For most of those questions there isn’t much I can do on a personal level. I’ve tried to cut out contact with the outside world as much as possible, stretching out the time between grocery trips to two weeks or so, and our social circle is a completely closed bubble of 5 people. Wayfare has been making homemade masks since the beginning, and she did a lot of research on the best patterns and designs. They’re 3 layers, with two layers of regular (cotton?) fabric sandwiched around a layer of non-woven interface material. They have metal strips to conform to the nose (important to minimize glasses fogging and get the air moving through the material for filtering and not around the material), and straps to tie tightly around the head, which keeps it pretty well sealed all the way around the face. Though she made a few models with noses or cone shapes or whatever, I wear the basic pleated rectangle ones, so there’s no tiny holes from stitching a seam right in front of your nose. I’m sure they’re a step up from disposable surgical masks, even after a few washes. And I’m very good about wearing it whenever I’m indoors (or with another person outside — though I don’t wear one on solo walks).

However, are cloth masks enough, especially with the new B117 variant? Should we all (but especially should I) be wearing a N95-equivalent to go grocery shopping?
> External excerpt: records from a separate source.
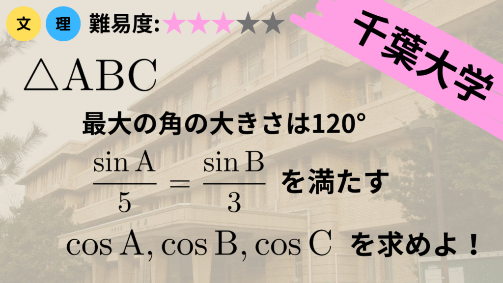 【千葉大学入試】最大角120°の三角形で余弦の値を求める(2014)
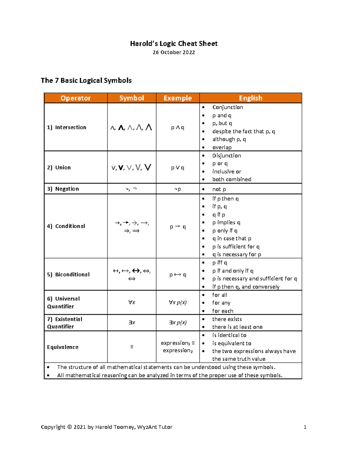 MAT 1348 Logical Connectives Cheat Sheet For Students Studocu
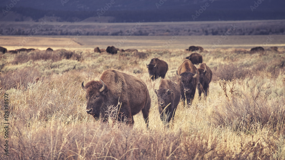 Retro toned herd of American bisons grazing in the Grand Teton National Park, Wyoming, USA.
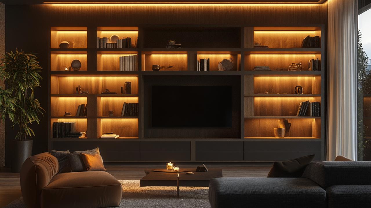 Les rubans LED représentent une solution particulièrement élégante pour illuminer vos niches murales. Installés discrètement sous chaque étagère ou le long des montants verticaux, ils diffusent une lumière douce qui caresse les tranches des livres et crée une profondeur visuelle remarquable. Cette technique d'éclairage permet de transformer une simple bibliothèque en mobilier design spectaculaire. Les LED offrent également l'avantage d'une consommation énergétique réduite, conformément aux préoccupations de durabilité qui caractérisent les attentes actuelles en matière d'aménagement sur mesure. Les variations d'intensité et de température de couleur permettent d'adapter l'ambiance selon vos envies, passant d'une lumière chaude et enveloppante pour les soirées lecture à une clarté froide pour faciliter la recherche d'un ouvrage précis.
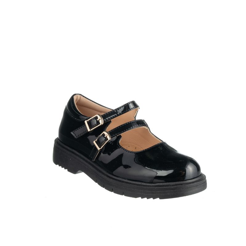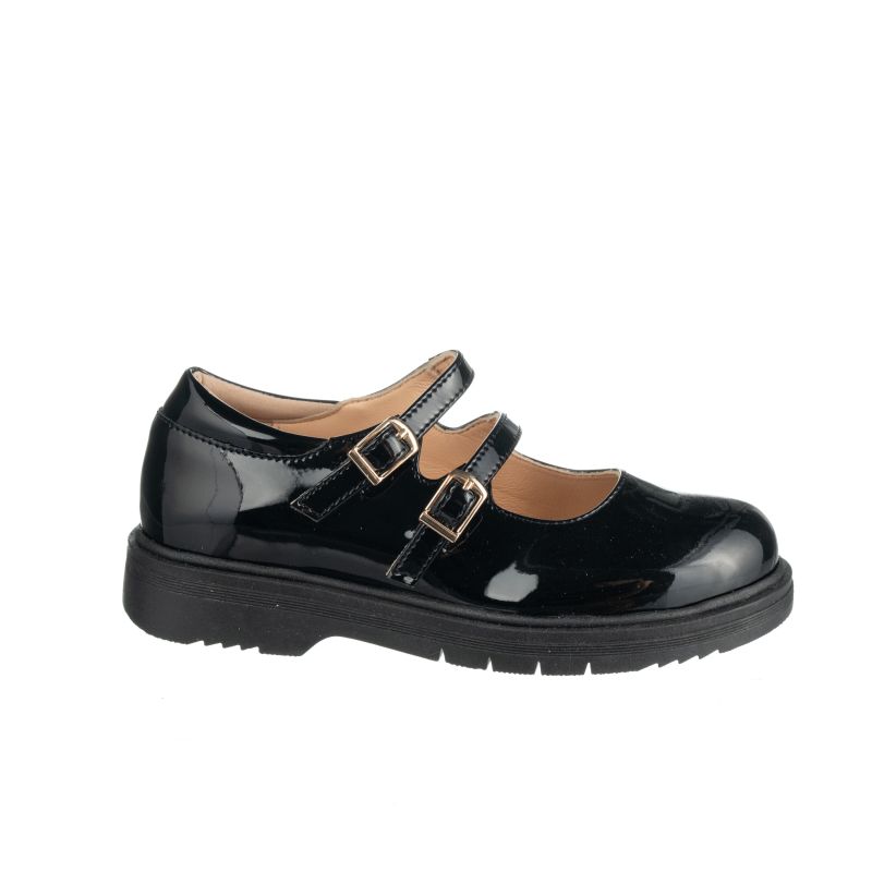 Παιδική δερμάτινη, ανατομική μπαλαρίνα σε μαύρο χρώμα . Εξωτερικά λουστρίνι με 2 λουράκια δέσιμο στο κουτεπιέ για σταθερότητα στο πόδι και να προσδώσει στυλ στην εμφάνιση.
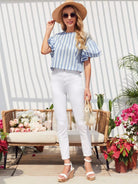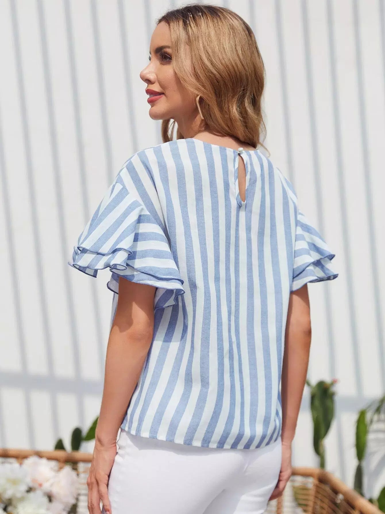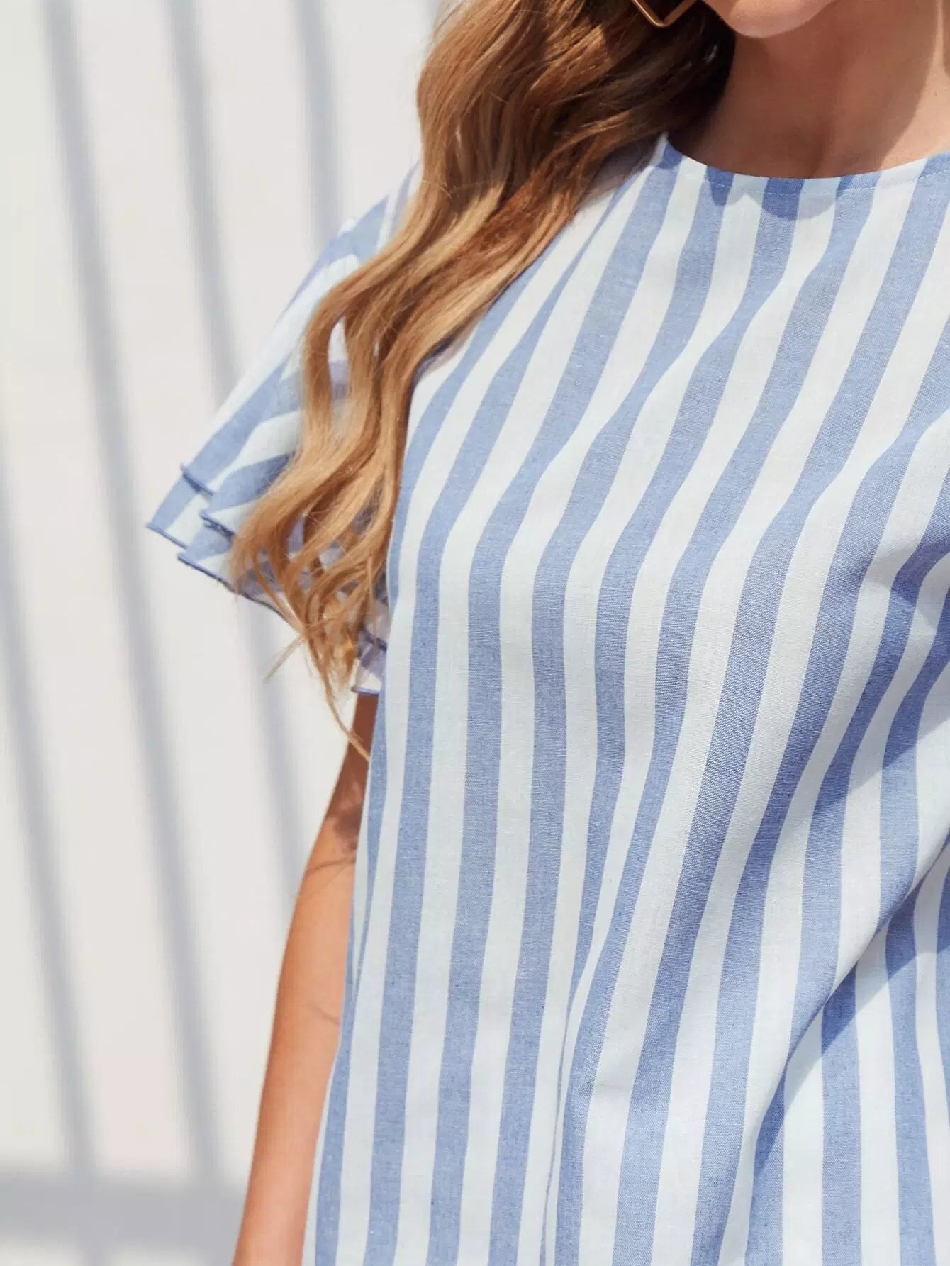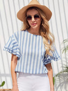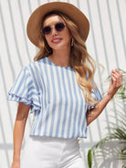 بلوزة بأكمام فراشة مخططة

* – Circling back around to add: I thought the masks, distancing, etc. precautions would be good enough to get r < 1 so life could return to more-or-less normal. It doesn’t look like those were sufficient in practice (whether it’s non-compliance or whatever is a bit of a moot point as we will have non-compliance, esp. as covid fatigue sets in). We are a long, long way from Covid-zero (and we were really close in the summer!), but that may be the only strategy that lets us avoid the hammer and the dance through the fall based on the current vaccine roll-out projections.

On Lags and Exponential Growth

January 7th, 2021 by Potato

Ontario hit 89 daily Covid deaths today. We could lockdown tonight, go full Wuhan and weld peoples’ doors shut, and it wouldn’t stop us from hitting 100/day by next week — those people already have the virus, it’s just taking time for them to get sick and die. [Though I’d be happy for the universe’s constant need to prove me wrong to kick in here and save a bunch of lives as this turns out to have been the peak]

Lags make it hard to manage things, especially when that management also involves really hard decisions. It’s hard to call for a lockdown when cases are barely into triple digits. But that’s when it has to happen when you only have a few hundred spare ICU beds in the province. Ah well, back to home schooling for at least a few weeks now, though I still don’t actually know what the plan is. Is it Covid-zero?

And of course this is also why we wanted to start curbing the growth in greenhouse gas emissions in the 90s… or now, I suppose.